Of course, it’s too much to wish for, because not even a day later she notices an issue with her bedroom light. 

“I swear it’s not just the light bulb,” she says, opening the front door to let him in. “I’ve put in five new bulbs, and none of them work. It just keeps flickering.”

Jaime nods, and follows her down the hallway to her room. “Yeah, don’t worry, I know you wouldn’t call me unless something was really busted.”

Brienne pauses at his tone, less teasing and a lot more dismal than she’s ever heard him before. “Oh... uh, well, it’s in here,” she says and opens the door. 

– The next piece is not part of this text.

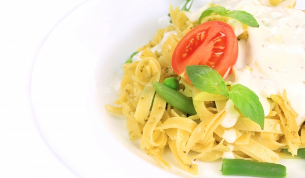 Лимонът се смесва със зехтина, ментата, розмарина, червения пипер и солта и се разбърква добре. В подсолена и вряща вода се варят грахът и фасулът, до пълна готовност. Пастата се вари според указани...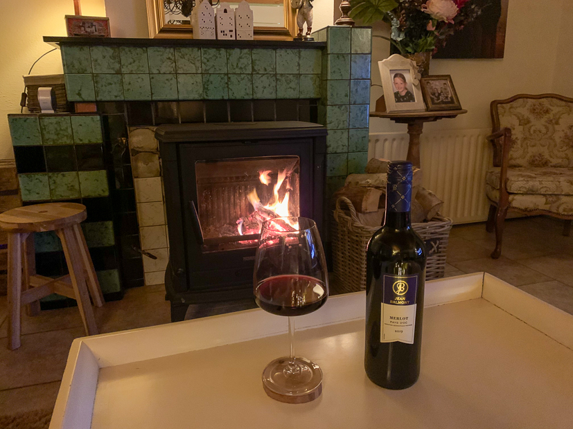 Eenmaal weer thuis kleed ik me om, steken we de houtkachel aan en schenken we een glas rode wijn in. Avond!

He steps up onto a stool he brought and gets to work, taking off the light cover and pulling some wires out of the ceiling. Brienne watches him from the doorway, leaning against the frame. He’s tall enough that he doesn’t need to go up on his toes at all to reach. His red shirt is riding up, revealing tan skin and taught muscle that she forces herself to look away from. His hair sticks out at all kinds of angles from under his KLU Knights hat. 

But what sticks out most to Brienne suddenly is that he’s using his left hand for most of the work. He almost always favors his left, now that she thinks about it, which doesn’t make sense because — 

“Why did you leave?” she blurts. Jaime eyes flit down to hers, surprise written into his features. “School,” she adds. “Why did you leave school?”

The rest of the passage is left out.